All the four parameters were rescaled using the corresponding min-max threshold values, and then K-means clustering algorithm was applied to these parameters with 2, 3, 4 and 5 clusters. Figure 15 shows the variation of silhouette value with the number of iterations for the baseline case. It can be concluded that cluster 1, where the data is separated into two clusters, has an almost stable silhouette value of 0.874308 with very small fluctuations, and cluster 2, where the data is separated into three clusters, has a perfectly stable silhouette value of 0.855883, across all the iterations of the algorithm. Cluster 3 that divides the data into four clusters, and cluster 4 that divides the data into five clusters, are having unstable and relatively lower silhouette values. It can be concluded that the best and reliable way to cluster the given data is in two or three different groups.

Figure 15. Silhouette value vs iteration plot for different number of clusters for the baseline case.

Figure 16 shows the discrete division of clusters with rotor revolutions for two clusters (a) and three clusters (b). The red and green lines on both the figures approximately divide the three regions as identified in Fig. 5. It can be seen that, for two clusters, the transition region (between the red and green lines) shows an intermittent development of second cluster and a stable second cluster in the stall region (beyond the green line). For three clusters, the transition region shows intermittent development of second cluster and a stable third cluster in the stall region. Also, the beginning and end of each region as predicted by clustering using three clusters matches approximately with the one identified using direct observation from the windowed Fourier analysis (Fig. 5). Also, the transition region shows an intermittent development of the second cluster, which is similar to the intermittent excitation of Fourier frequencies in the transition region as observed using Fourier analysis. It can be said that before the occurrence of a fully developed stall, the machine gives intermittent pre-stall signals, and this region of operation can be called the transition region, which falls between the region of safe operation and the region of fully developed stall.
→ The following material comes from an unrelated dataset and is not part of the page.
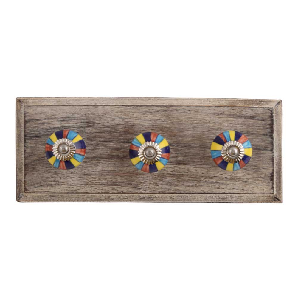 Rangoli Ceramic Wooden Hook. A Perfect Complement to the Soft Tone of the Wood are these White Traditional Hat & Coat Hook Made of Genuine Porcelain and Brass. It can be use to Hang Jewellery, Leashes, Towels, Scarves, Light Weight Sweaters, Caps Etc.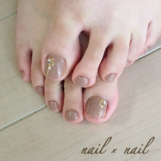 フット シンプル ワンカラー ビジュー ベージュ Nail Nailのネイルデザイン No ネイルブック

The above trend was observed in all five experiments. Table 3 gives the silhouette value for two and three clusters for all the five experiments. All these values are stable across multiple iterations.

Figure 16. Discrete division of clusters with rotor revolution for (a) two clusters and (b) three clusters.

Table 2. Statistical parameters and their threshold minimum and maximum values

Table 3. Silhouette value for two and three clusters for all the five experiments

Thus, K-means clustering on the selected abstract parameters allowed discrete division and identification of the three regions, which also confirms the observation made using windowed Fourier analysis, enabling the development of an algorithm for control system that can identify the transition region using pre-stall signals, so that stall can be avoided.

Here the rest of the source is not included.